95% of sequences return as "unidentified"- ITS2 (Reads reverse orientation)


I just processed my sequences using classify-sklearn using the Unite-ver8 classifier created by SydneyMorgan. I was able to run the code, but >90% of my sequences came back as unidentified. Fungal-taxonomy-paired-end.qzv (1.5 MB)

I am working with Taylor et al. 2016 primers (ITS2), so my data are in reverse orientation (Foward files), which does not align with the Unite database, as I was previously told (but forgot as I ran the code).

I wanted to see if you could please let me know how and what I can do to fix this problem.

@Nicholas_Bokulich previously mentioned that I could re-import the files in the correct order, in order to test out q2-itsxpress (Analysis still pending) when I was having issues with Cutadapt.

Given my current problem, I wanted to see if I would have to reimport the files, as suggested before, and or if there is a better way to do this, at my current position in the pipeline?
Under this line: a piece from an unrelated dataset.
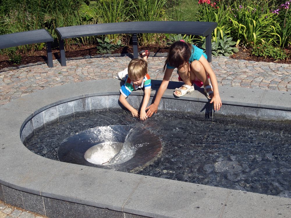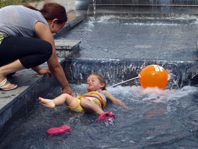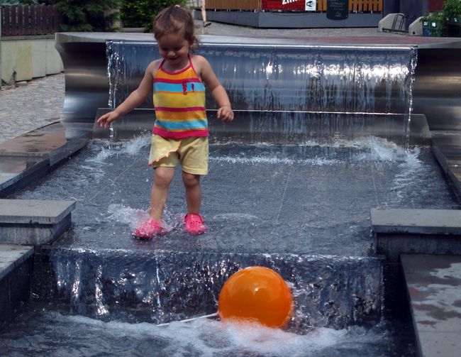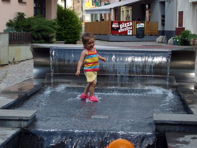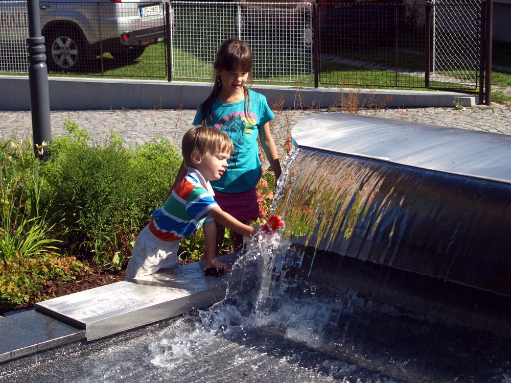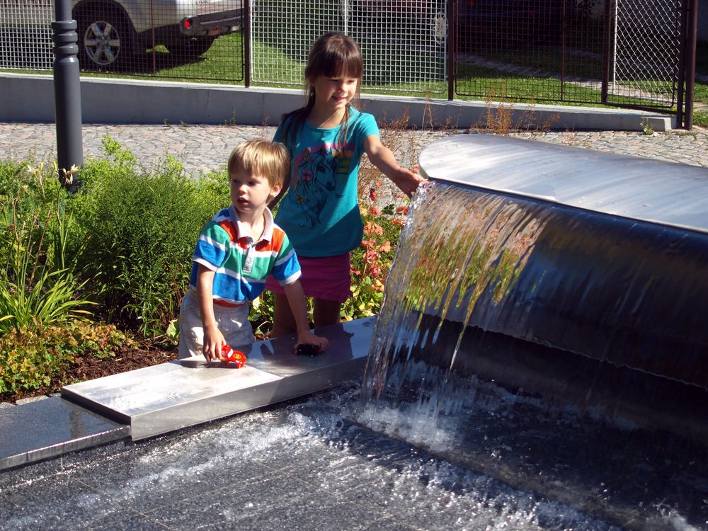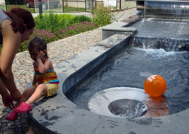 Nemá smysl popisovat detailně umístění dalších kašen a fontánek u nás. Budou stačit fotografie. Ještě jeden můj příběh z fotografování fontánek s dobrým koncem. Bylo velké horko a šel jsem fotografovat do města. Zaujalo mne malé děvčátko, které se brouzdalo v tekoucí vodě u malého umělého vodopádu. Její maminka přihlížela a bavila se s kamarádkou na blízké lavičce. Voda byla mělká a nehrozilo žádné nebezpečí. Děvčátko se vydalo pro nafukovací balónek, který jí uplaval po proudu. Jak fotopříběh dopadl se můžete podívat v části mé vernisáže.

UPDATE: I did not want to erase the post, as this might be helpful for someone else, but I just saw this post, and saw that I should add --p-read-orientation, set to 'same' and 'reverse-complement.' I am hopeful that this will fix my problem, but please let me know if I should delete this post, given there is a post w the similar problem. (Sorry I did not see this earlier).


Running the code and adding –p-read-orientation reverse-compliment worked, and now I have great data :smiley: